ただ、ルカ福音書では、これに先立つ短い二つの譬え(「見失った羊の譬え」と「無く
した銀貨の譬え」)ともども、ルカの手で一つの枠組みが与えられている(1~3節)。
このルカによって適応された状況においては、この譬えは「罪人たちを迎えて、食事 まで一緒にしている」とのファリサイ派の人々や律法学者たちの不平、非難に対する イエスの自己弁護という基本的な方向づけをもつことになる。

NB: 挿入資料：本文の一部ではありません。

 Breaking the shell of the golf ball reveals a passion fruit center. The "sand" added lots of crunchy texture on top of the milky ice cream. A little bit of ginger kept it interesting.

だが、この観点からの読み取りは、後半部の内容とともに、後で考察することにする。
まずは前半部の内容を中心にその意味を確認しておきたい。
「遠い国に旅立ち…」
譬えは、下の息子(弟)の堕落とその窮状を描くことから始まる(12 ~ 16)。彼が父 親の生前に財産分与を願ったことが悪い、身勝手だと考える必要はない。当時の法律 では、父親の財産相続には遺言と生前の贈与による二通りの形式があったという。た だ、生前贈与の場合、財産の所有権を得るが、その処分権も用益権も父の死までもて ない定めであった。この息子は「全部を金に換えて」(13節)からすると処分権も願って 得たことになる。父親から独立した生活を望んだのだ。
「遠い国に旅立ち」「放蕩の限りを尽くして」(13節)が物語るのは、当時数多く見られ た移民(離散のユダヤ人は当時四百万以上と推定)のように、本当に独立して一旗揚げ ようというより、「遠い国」との文言が暗示するように「父親の目の届かない所で」好き 勝手に生きたかったにすぎまい。

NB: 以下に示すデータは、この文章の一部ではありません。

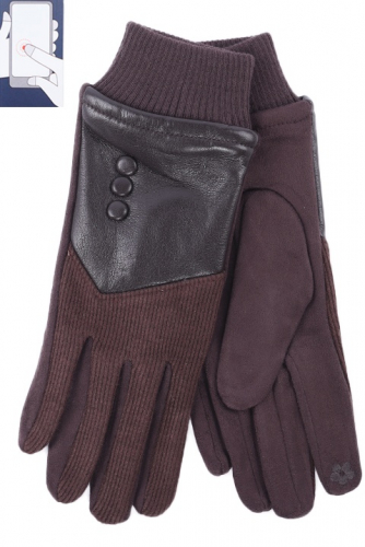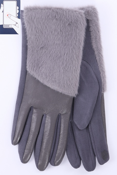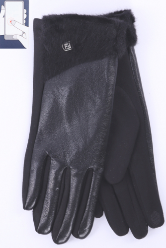 Перчатки женские сенсорные (нашивка на кончике указательного пальца). Комбинированные: ладонь иск.замша на велюровой основе. Сверху - иск.мех на подкладе велюр и вставка из эко-кожи.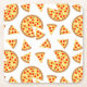 Cool and fun pizza slices pattern on white for birthday pizza party. Juicy vector made pizza with crunchy crust, cheese, salami, champignon mushrooms, olives and a sprinkle of oregano.
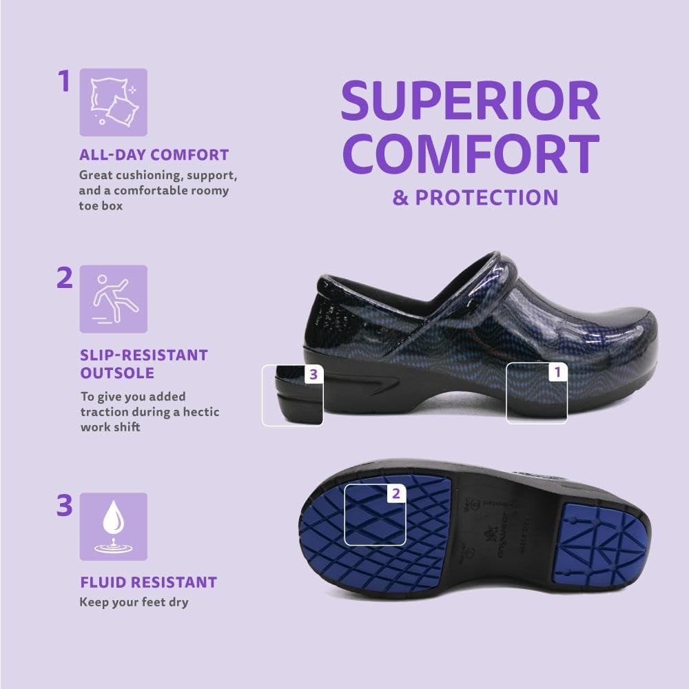 Anywear SR Angel Nursing Clogs – Non-Slip Work Shoes for Women & Men – Slip-Resistant Nursing Shoes – Cushioned Nurse Clogs(Ecliptic)

湯水のように使う金はすぐ尽きる。飢饉が見舞う。食うにさえ困る。生活はどん底 に落ちた。だがそれだけではない。「豚の世話をする」ことはユダヤ人としては律法に 背く行為である。豚を飼う地方は異邦人の社会環境であり、そこでは会堂もない。神 の民としての宗教上の規定も守れない。心身ともにどん底に落ちた生き方に陥ったこ とを暗示する。

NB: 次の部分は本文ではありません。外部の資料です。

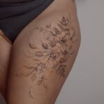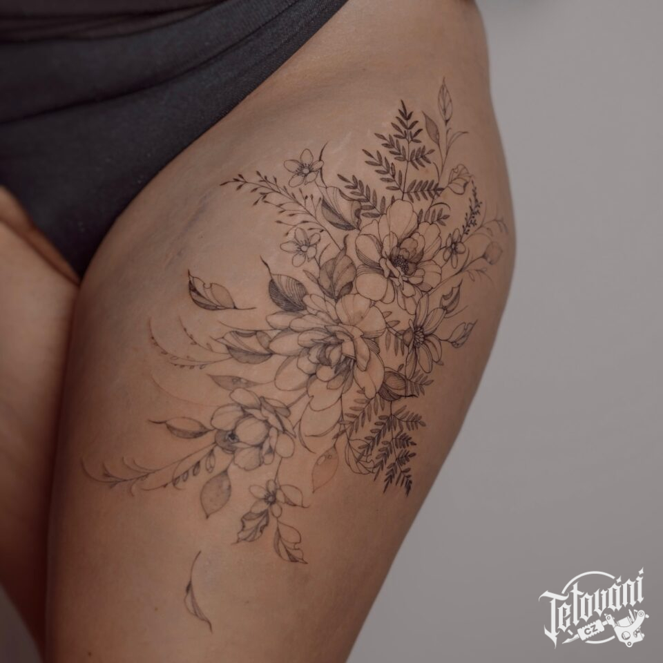 Tetování květiny na boku stehna

「父から遠く離れて」死にそうになった彼が「我に返って」とは、「父の家」を思い出す ことであった。
息子を迎えた父の喜び
「まだ遠く離れているのに息子を見つけて」とはどうして可能だったのか?と詮索す るのは無意味であろう。遠く離れていたのに見つけ、走り寄って接吻する。それはす べて父親の発意を雄弁に物語っている表現である。息子は父のもとを遠く離れても、
父親の心からまで離れることはできなかったということでもある。
詫びを言い出す息子の言葉を最後まで言わせもせず、「いちばん良い服」「指輪」「履
物」を僕に命じる父親の言葉は、「息子が帰ってきた喜び」の溢れを意味する。「いちばん 良い服」は最高の客のもてなしを、「指輪」(印鑑付き)は跡取りの資格を、そして「履物」
は自由人のしるしだとすれば、出て行く前と同じく自分の真の息子として受け容れ歓 迎したことになる。その動機は「あわれに思って」つまり、「はらわたがちぎれそうなあ われみの思いで胸が一杯になって」なのだという。その上に「肥えた子牛」である。特 別の機会のために肥え太らせた子牛のことだという。生涯に何度もない喜びの宴を開 くのである。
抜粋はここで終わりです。